Development of an HTC-based, scalable committor analysis tool in OpenPathSampling opens avenues to investigate enzymatic mechanisms linked to Covid-19

The E-CAM HPC Centre of Excellence and a PRACE team in Wroclaw have teamed up to develop High Throughput Computing (HTC) based tools to enable the computational investigation of reaction mechanisms in complex systems. These tools might help us gain understanding of enzymatic mechanisms used by the SARS-CoV-2 main protease [1]

Studying reaction mechanisms in complex systems requires powerful simulations. Committor analysis is a powerful, but computationally expensive tool, developed for this purpose. An alternative, less expensive option, consists in using the committor to generate initial trajectories for transition path sampling. In this project, the main goal was to integrate the committor analysis methodology with an existing software application, OpenPathSampling [2,3] (OPS), that performs many variants of transition path sampling (TPS) and transition interface sampling (TIS), as well as other useful calculations for rare events. OPS is performance portable across a range of HPC hardware and hosting sites..

The Committor analysis is essentially an ensemble calculation that maps straightforwardly to an HTC workflow, where typical individual tasks have moderate scalability and indefinite duration. Since this workflow requires dynamic and resilient scalability within the HTC framework, OPS was coupled to E-CAM’s HTC library jobqueue_features[4] that leverages the Dask [5, 6] data analytics framework and implements support for the management of MPI-aware tasks. 

The HTC library jobqueue_features proved to be resilient and to scale extremely well, meaning it can handle a very high number of simultaneous tasks: a stress test showed it can scale out to 1M tasks on all available architectures. OPS was expanded and its integration with the jobqueue features library was made trivial. In its current state, OPS can now almost seamlessly transition from use on a personal laptop to some of the largest HPC sites in Europe.

Integrating OPS and the HTC library resulted in an unprecedented parallelised committor simulation capability. These tools are currently being implemented for a committor simulation of the SARS-CoV-2 main protease. An initial analysis of the stable states, based on a long trajectory provided by D.E. Shaw Research [7] suggests that a loop region of the protein may act as a gate to the active site (Figure). This conformational change may regulate the accessibility of the active site of the main protease, and a better understanding of its mechanism could aid drug design.

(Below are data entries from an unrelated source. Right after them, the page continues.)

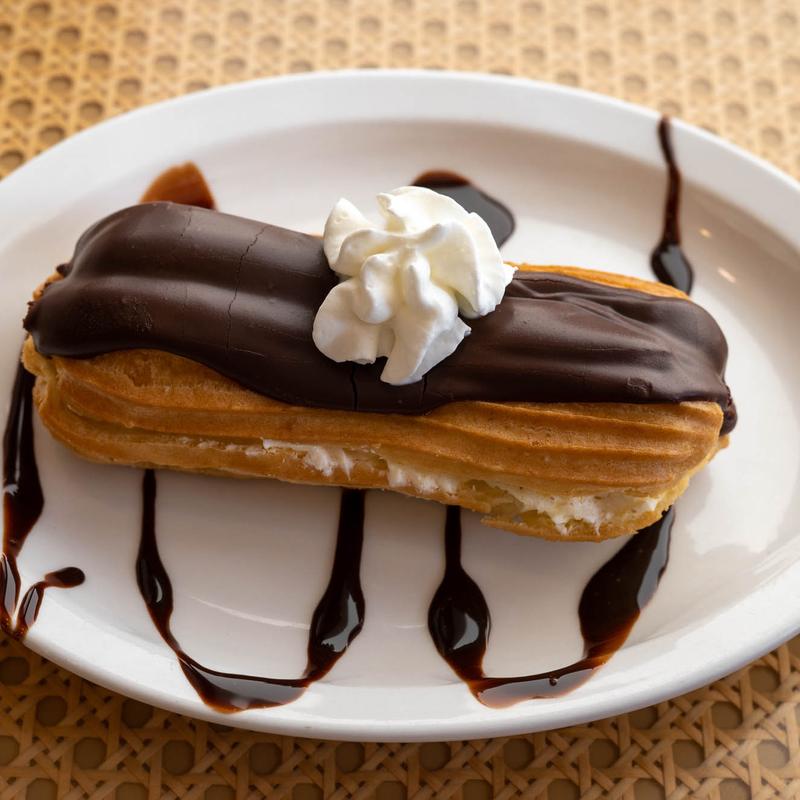 Soft pastry shell filled with our whipped Bavarian cream and iced with sweet chocolate.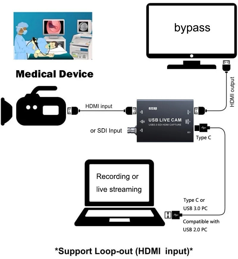 3G-SDI HDMI Video Capture Card USB 3.0 4K Loop 1080P 60fps 120fps Record Live Streaming Device for PS3 PS4 Xbox Game Laptop PC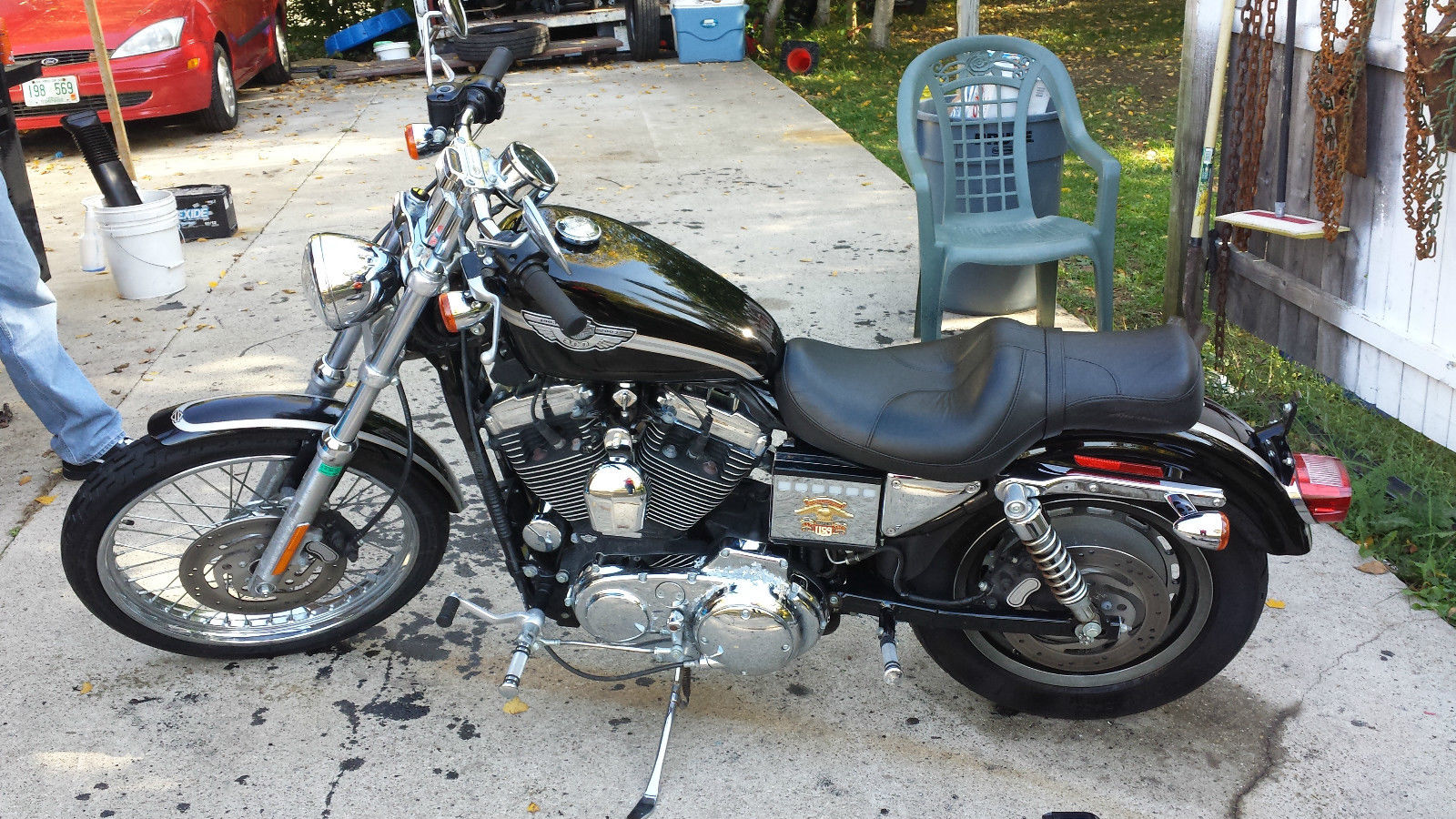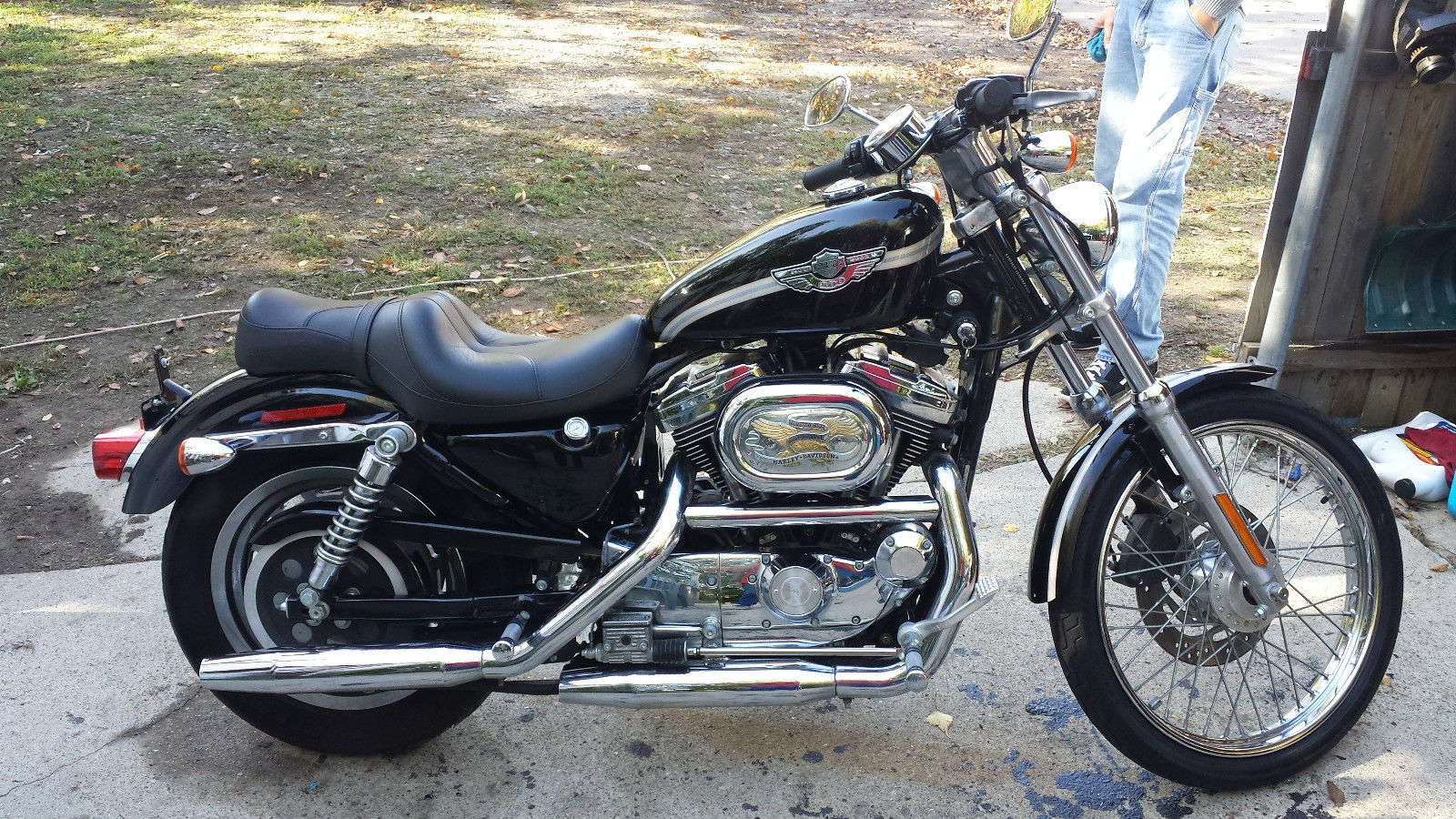 For sale is a 2003 Harley Davidson Sportster 1200cc. 100th Year Anniversary edition just finished up a $1000 service at the dealer. tune up. oil change. new battery. etc. Runs fantastic. garage kept. Super clean with only 4. 52 miles on it. it is an anniversary bike this sportster ride nice and come with custom parts as you can see in the pic. low starting price. well maintain and just tuned up

The committor simulation can be used to explore the configuration space (taking more initial configurations), or to improve the accuracy of the calculated committor value (running more trajectories per configuration). Altogether, such data will provide insight into the dynamics of the protease loop region and the mechanism of its gate-like activity. In addition, the trajectories generated by the committor simulation can also be used as initial conditions for further studies using the transition path sampling approach.

Left image: “closed” configuration. Right Image: “open” configuration.


[1] Milosz Bialczak, Alan O’Cais, Mariusz Uchronski, & Adam Wlodarczyk. (2020). Intelligent HTC for Committor Analysis.

[2] David W.H. Swenson, Jan-Hendrik Prinz, Frank Noé, John D. Chodera, and Peter G. Bolhuis. “OpenPathSampling: A flexible, open framework for path sampling simulations. 1. Basics.” J. Chem. Theory Comput. 15, 813 (2019).

[3] David W.H. Swenson, Jan-Hendrik Prinz, Frank Noé, John D. Chodera, and Peter G. Bolhuis. “OpenPathSampling: A flexible, open framework for path sampling simulations. 2. Building and Customizing Path Ensembles and Sample Schemes.” J. Chem. Theory Comput. 15, 837 (2019).

[4] Alan O’Cais, David Swenson, Mariusz Uchronski, and Adam Wlodarczyk. Task Scheduling Library for Optimising Time-Scale Molecular Dynamics Simulations, August 2019.

[5] Dask Development Team. Dask: Library for dynamic task scheduling, 2016.

[6] Matthew Rocklin. Dask: Parallel computation with blocked algorithms and task scheduling. In Kathryn Hu and James Bergstra, editors, Proceedings of the 14th Python in Science Conference, pages 130 – 136, 2015.[7] No specific author. Long trajectory provided by D.E. Shaw Research., 2020. [Online; accessed 22-Oct-2020].